A Very Common Fragile Scenario

Suppose you want the model to identify user intent:

User input:

“I want to learn about the refund policy”

If the model returns:

“This user is probably asking about refunds; suggest routing to the refund module.”

A human can understand it. But it is hard for a program to use this text stably.

Because what the program really wants is:

{
"intent": "refund_policy",
"confidence": 0.92
}

What Is the Real Problem?

The problem is not that the model cannot answer, but that:

Natural-language output is too free-form, so programs have a hard time consuming it reliably.

So when the model’s output needs to be passed to:

  • the frontend
  • the backend
  • a workflow
  • a database

structured output almost becomes a must-have.


What Exactly Is Structured Output?

A Simple Definition

Structured output = making the model output results according to pre-agreed fields and format.

The most common formats include:

  • JSON
  • lists
  • tables
  • fixed-field objects

Why Is JSON the Most Common?

Because it satisfies all of these at the same time:

  • humans can read it
  • programs can parse it
  • the structure is clear

So in LLM applications, JSON is usually the first choice for structured output.

Terms you should understand before writing schemas

TermPlain meaningPractical use
JSONA lightweight data format made of objects, arrays, strings, numbers, booleans, and nullIt lets the model output something a program can parse with json.loads()
SchemaThe expected shape of the output: field names, field types, allowed values, and required fieldsIt is the contract between the Prompt and the downstream program
FieldOne named piece of data, such as intent or confidenceStable field names let backend code read the result without guessing
ValidationProgram checks that the output is parseable, complete, and typed correctlyIt catches bad model output before it breaks the next workflow
EnumA fixed set of allowed values, such as refund_policy / certificate / otherIt prevents the model from inventing many similar labels

What Is the Most Core Design Point of Structured Output?

Keep Fields Few and Clear

A mistake beginners often make is:

  • designing 20 fields at the start
  • but each field has unstable meaning

A better principle is:

First use the fewest fields to express the most important result.

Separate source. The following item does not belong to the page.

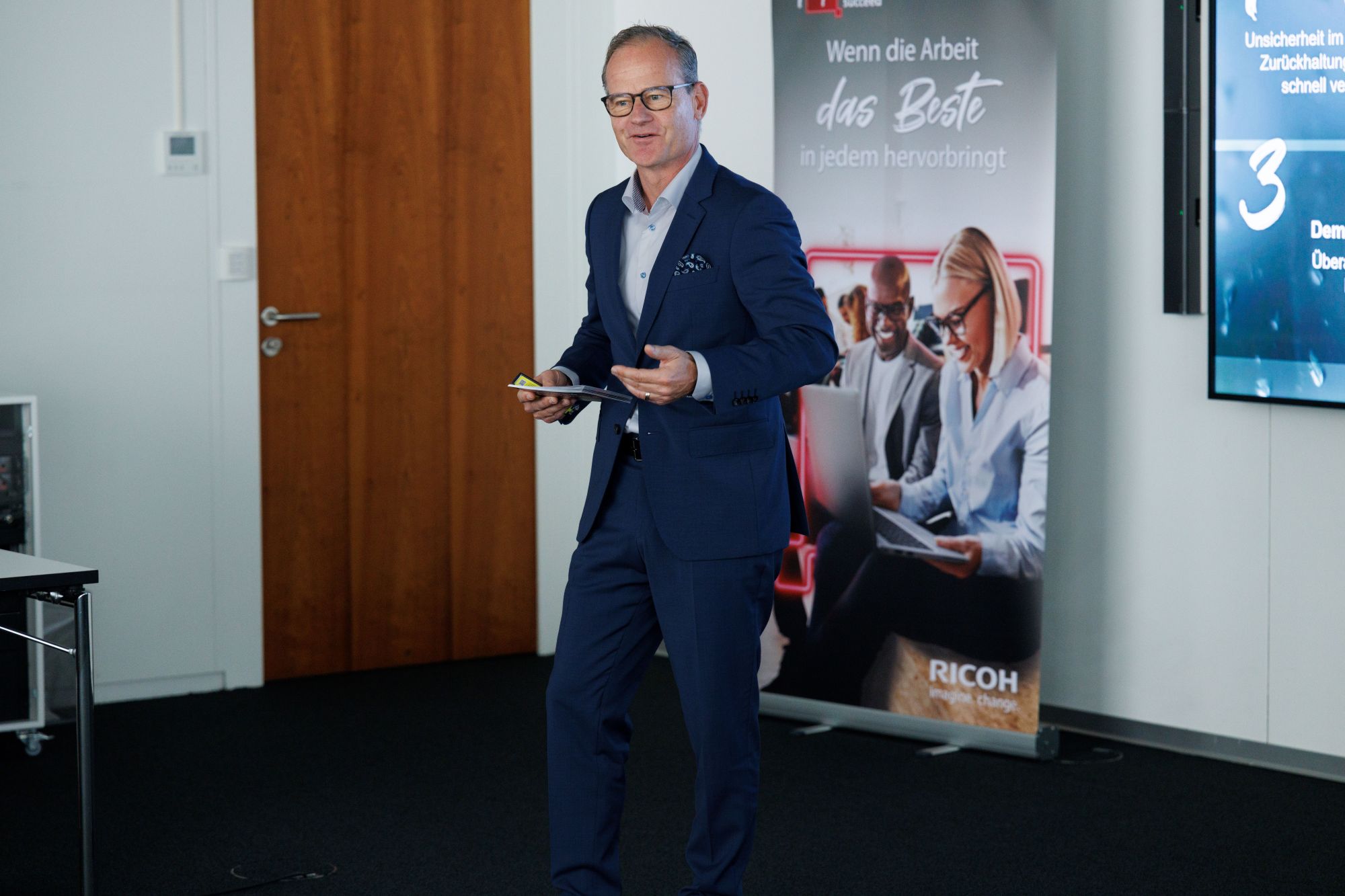 Daniel Tschudi, CEO von Ricoh Schweiz, zeigte die vier grössten Herausforderungen – und seine dazugehörigen Lösungsansätze – für den Schweizer Markt auf. (Quelle: Ricoh Schweiz)

For example, for intent recognition:

{
"intent": "refund_policy",
"confidence": 0.92
}

is already enough.

Field Names Must Be Stable

If today it is called:

  • intent

tomorrow:

  • user_intent

and the day after:

  • task_type

then the program side will become more and more confused.

So one of the first principles of structured output is:

Field names must be stable.


A Minimal Runnable Example: From String JSON to Program Parsing

First Look at Minimal Parsing

import json

text = '{"intent": "refund_policy", "confidence": 0.92}'
data = json.loads(text)

print(data)
print("intent =", data["intent"])
print("confidence =", data["confidence"])

Expected output:

{'intent': 'refund_policy', 'confidence': 0.92}
intent = refund_policy
confidence = 0.92

This Code Is Simple, but Very Meaningful

It teaches you:

  1. Structured output is not just “looking like JSON”; it must be truly parseable
  2. After parsing, the program can stably retrieve fields

In other words, the value of structured output is not “better looking,” but:

The downstream program can actually use it.

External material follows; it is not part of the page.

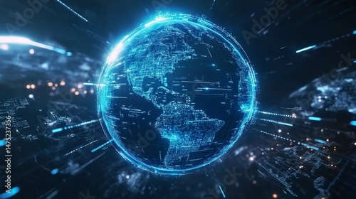 Obraz premium Futuristic digital earth visualization global 3d animation cyber environment...

A Smaller Example Closer to a Real Task: User Intent Recognition

Suppose You Ask the Model to Output This Structure

{
"intent": "refund_policy",
"needs_human": false,
"confidence": 0.92
}

Simulated Model Output + Program Parsing

import json

mock_model_output = """
{
"intent": "refund_policy",
"needs_human": false,
"confidence": 0.92
}
"""

data = json.loads(mock_model_output)

if data["intent"] == "refund_policy" and not data["needs_human"]:
print("Enter the automatic refund policy processing flow")
else:
print("Route to a human or another flow")

print(data)

Expected output:

Enter the automatic refund policy processing flow
{'intent': 'refund_policy', 'needs_human': False, 'confidence': 0.92}

This is already a typical use case of structured output in a real workflow.


How Should the Prompt Be Written So Structured Output Is More Stable?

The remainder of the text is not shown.